[The task]
When you reach the line that contains "Komatsu PC09-1 - DIMENSION OF WORK EQUIPMENT" below, transcribe it and each line after it word for word to the end of the records, omitting pictures.

[Records for this task]

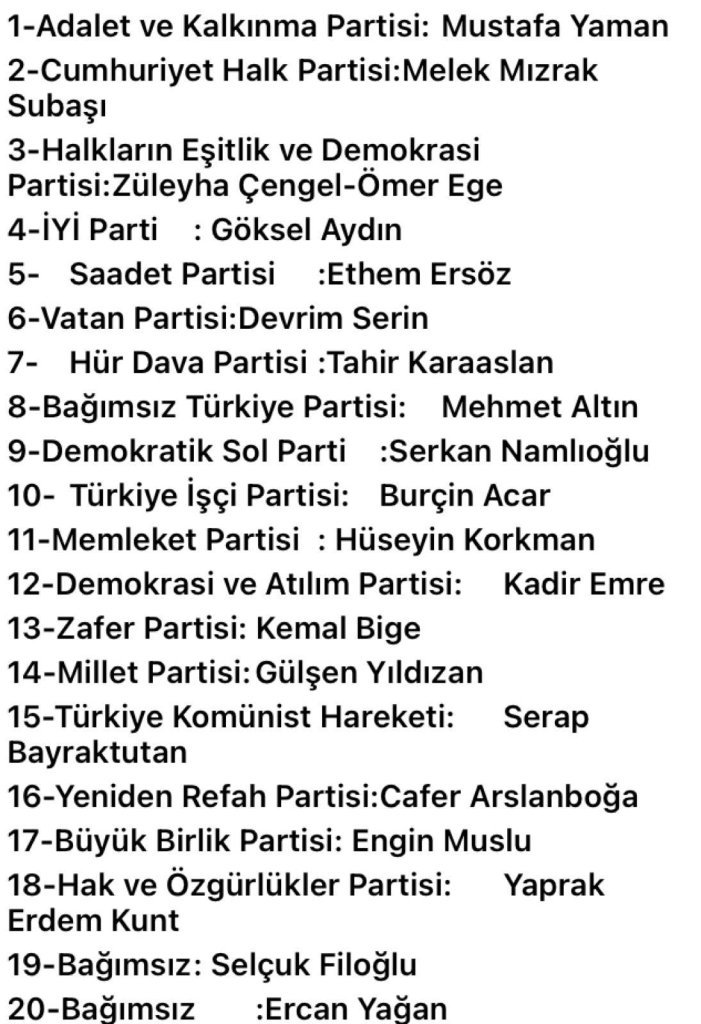 Bilecik’teki Belediye Başkan adayları ise şu isimlerden oluştu:
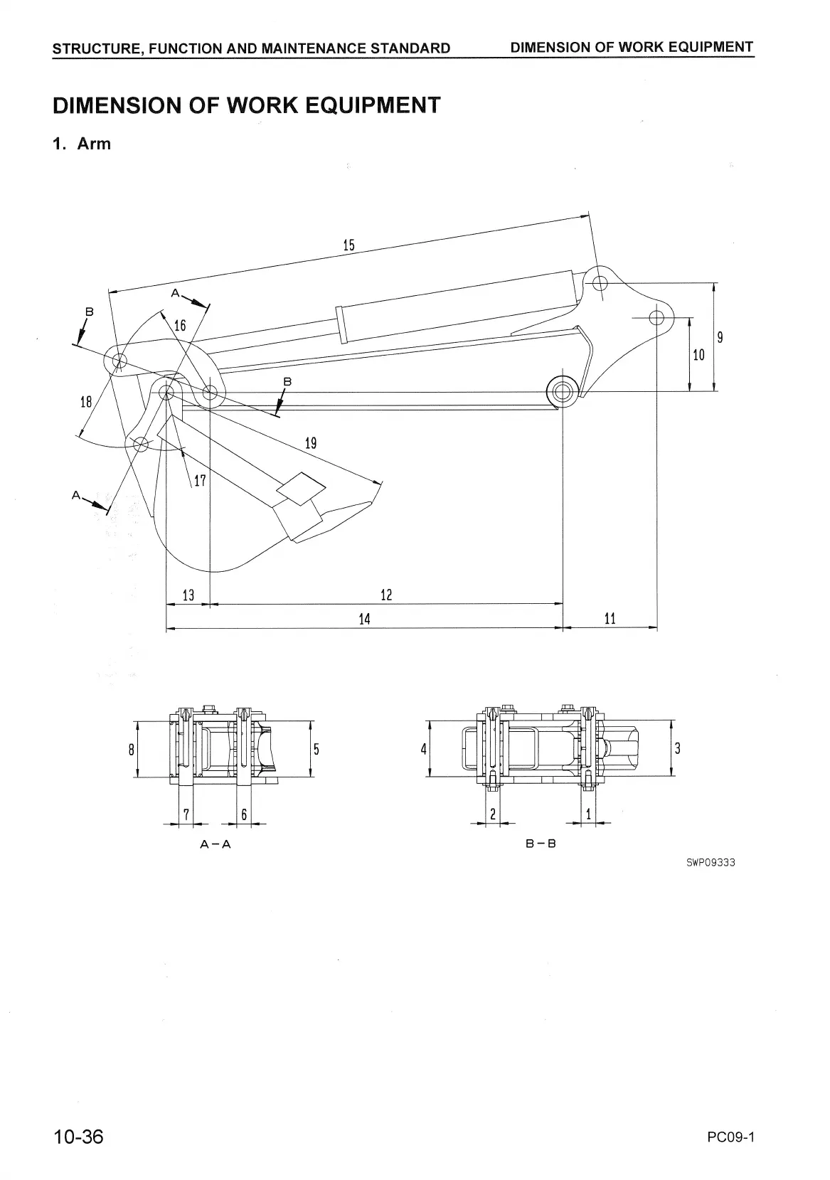 Komatsu PC09-1 - DIMENSION OF WORK EQUIPMENT
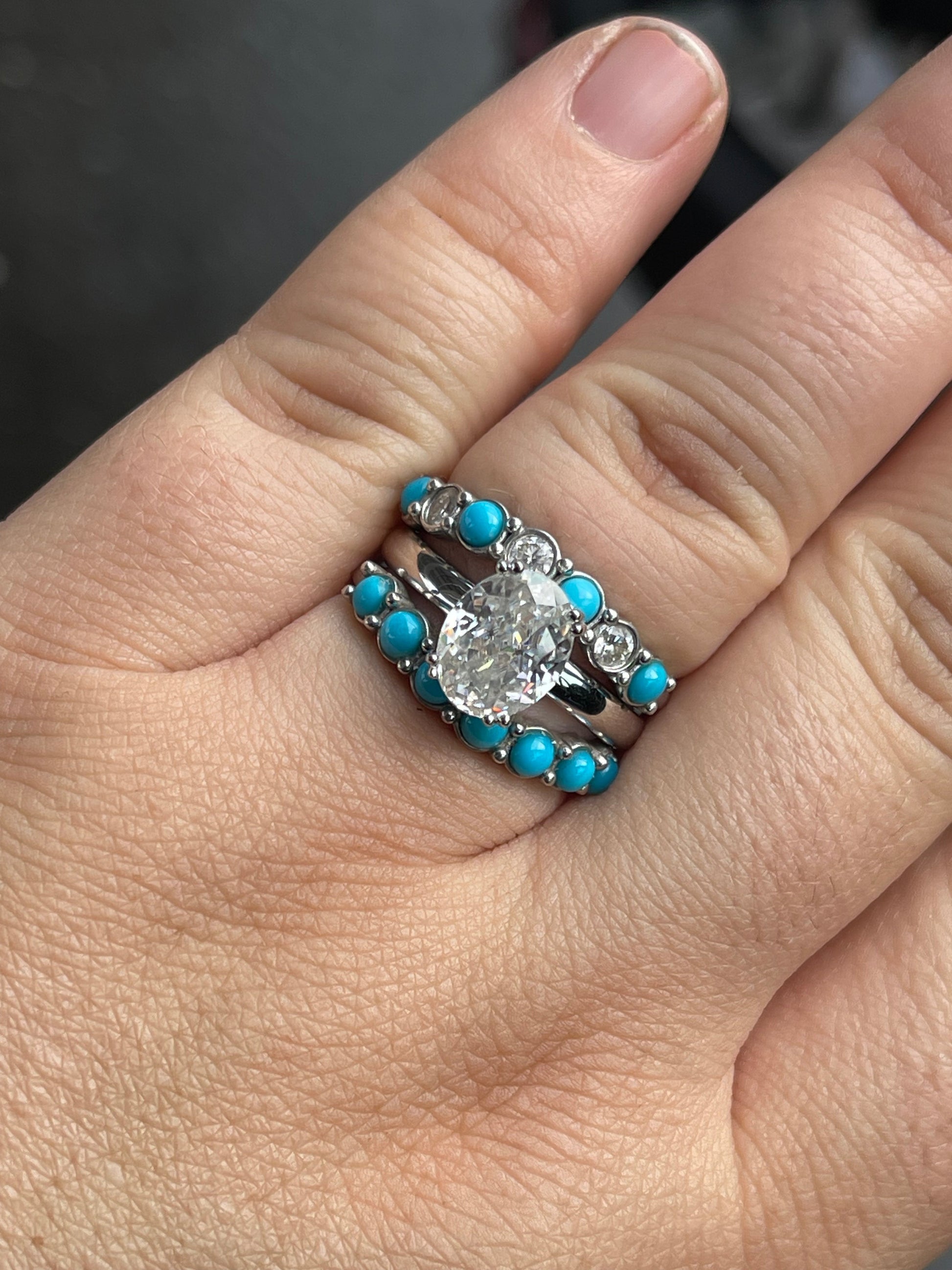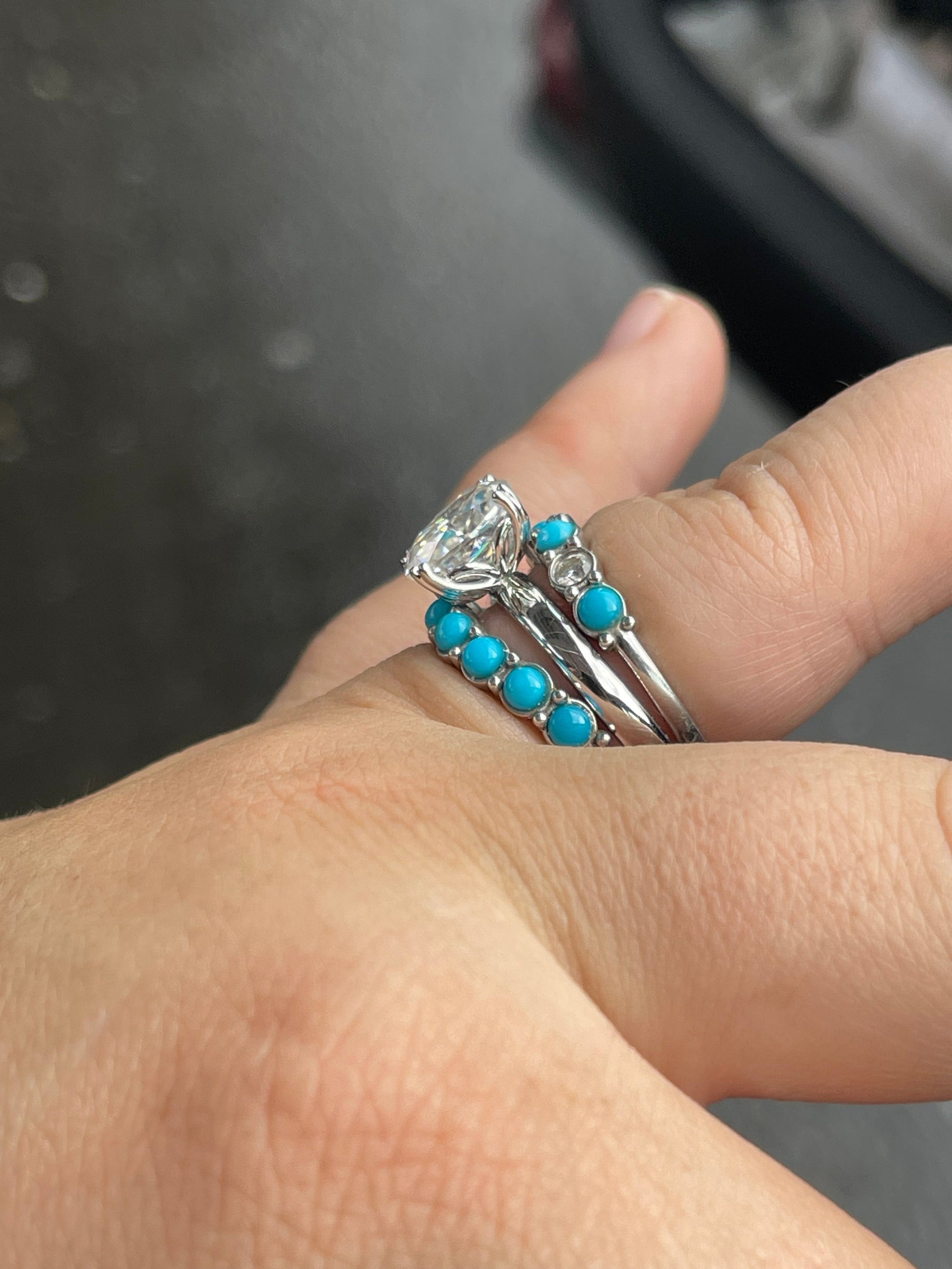 **Sterling Silver can react with chemicals found in air and produce tarnish and oxidize; high moisture levels, exposure to sunlight and contaminants such as salt water increase this reaction. Properly care for ring by polishing with polish & a clean cotton cloth.
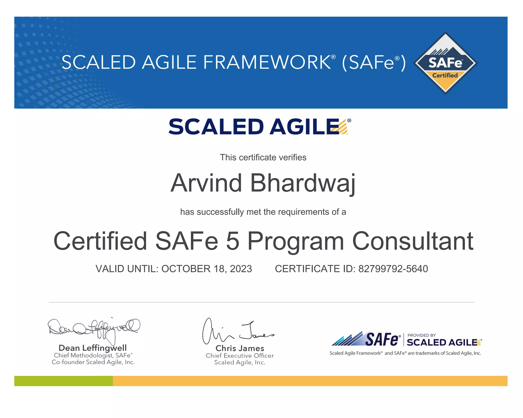 Arvind Bhardwaj has received certification as a SAFe 5 Program Consultant, having met the requirements for this role. His certification is valid until October 18, 2023 and is verified by the certificate identification number 82799792-5640.
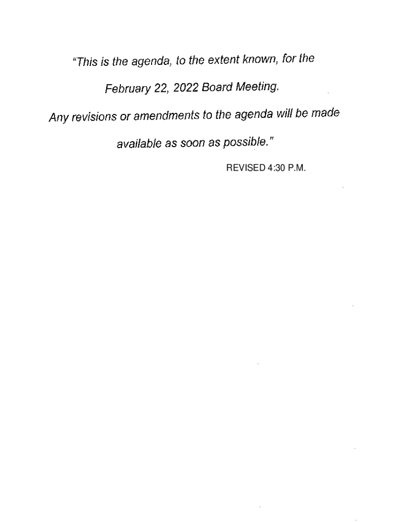 February 22, 2022, Board Meeting. Any revisions or amendments to the agenda will be made

[Result]
 Komatsu PC09-1 - DIMENSION OF WORK EQUIPMENT
 **Sterling Silver can react with chemicals found in air and produce tarnish and oxidize; high moisture levels, exposure to sunlight and contaminants such as salt water increase this reaction. Properly care for ring by polishing with polish & a clean cotton cloth.
 Arvind Bhardwaj has received certification as a SAFe 5 Program Consultant, having met the requirements for this role. His certification is valid until October 18, 2023 and is verified by the certificate identification number 82799792-5640.
 February 22, 2022, Board Meeting. Any revisions or amendments to the agenda will be made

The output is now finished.